Stored dataset items:
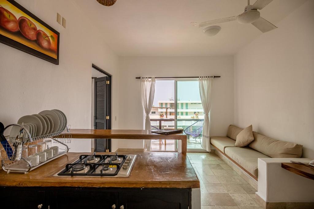 Esta Suite cuenta con balcón/hamaca, aire acondicionado cocina equipada, sala de estar, TV pantalla plana, nevera y vista a la piscina.
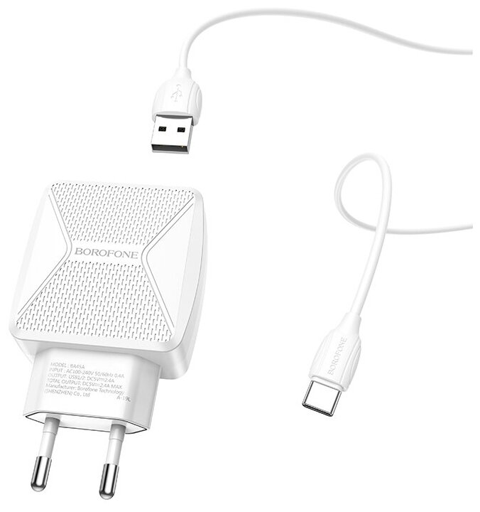 Зарядное устройство BOROFONE BA45A Max 2*USB + Кабель USB-Type-C, 2.4A, белый информация:
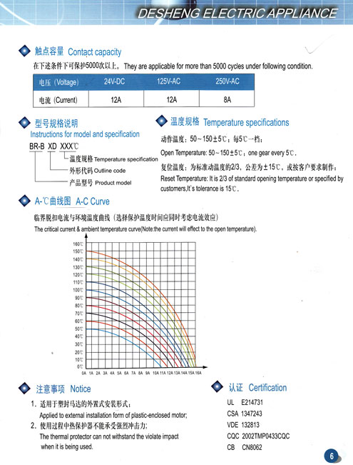產品名稱:BR-B系列熱保護器
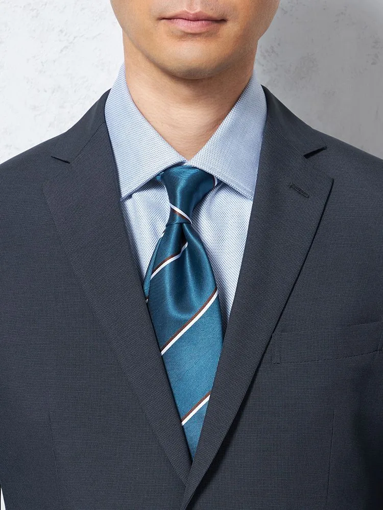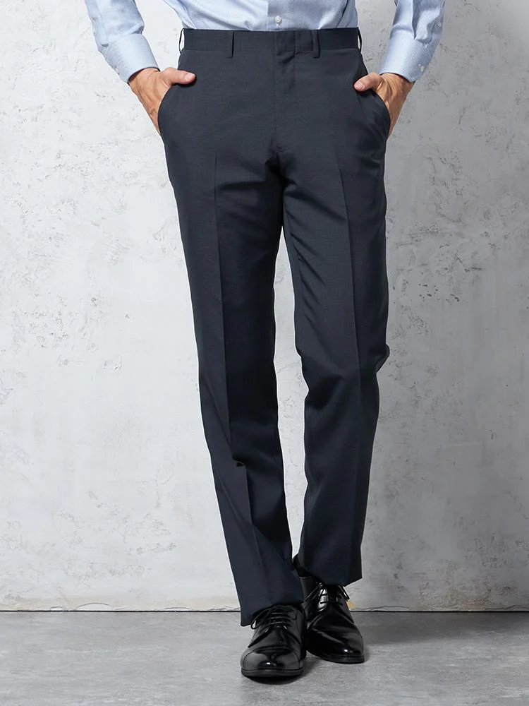 通年着用できるクリーンなネイビーのツーピーススーツ。
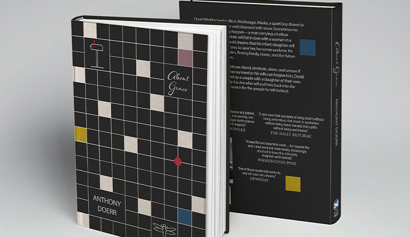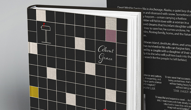 This book cover was designed for a class project in Intro to Design Software at Madison Area Technical College. The goal of this project was to re-create the cover for an existing book that we liked. I chose the book About Grace by Anthony Doerr, and the aim for this design was to evoke feelings of mystery, adventure, and emotional turmoil.
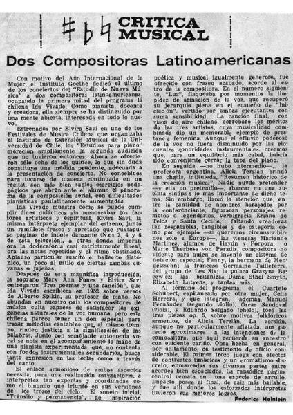 Villaroel, Hugo - Música docta - Conciertos - Crítica musical - Compositores - Tevah, Victor - Reyes, Aida - Lira, Juan Eduardo - Lena, Marisa - Lara Bravo, Fernando
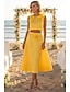 A-Linie Tee-Länge Cocktailkleider Elegant Kurzarm U-Boot-Ausschnitt Gartenparty Hochzeit Taft Stretch Satin mit Falten
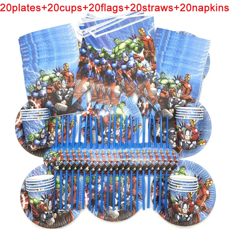 100 шт./лот 20 человек с днем рождения Дети Дисней Мстители детский душ украшение набор баннер соломинки чашки тарелки поставщик

__Your goal__
Output all data exactly, omitting images.

__Response__
 Esta Suite cuenta con balcón/hamaca, aire acondicionado cocina equipada, sala de estar, TV pantalla plana, nevera y vista a la piscina.
 Зарядное устройство BOROFONE BA45A Max 2*USB + Кабель USB-Type-C, 2.4A, белый информация:
產品名稱:BR-B系列熱保護器
 通年着用できるクリーンなネイビーのツーピーススーツ。
 This book cover was designed for a class project in Intro to Design Software at Madison Area Technical College. The goal of this project was to re-create the cover for an existing book that we liked. I chose the book About Grace by Anthony Doerr, and the aim for this design was to evoke feelings of mystery, adventure, and emotional turmoil.
 Villaroel, Hugo - Música docta - Conciertos - Crítica musical - Compositores - Tevah, Victor - Reyes, Aida - Lira, Juan Eduardo - Lena, Marisa - Lara Bravo, Fernando
 A-Linie Tee-Länge Cocktailkleider Elegant Kurzarm U-Boot-Ausschnitt Gartenparty Hochzeit Taft Stretch Satin mit Falten
 100 шт./лот 20 человек с днем рождения Дети Дисней Мстители детский душ украшение набор баннер соломинки чашки тарелки поставщик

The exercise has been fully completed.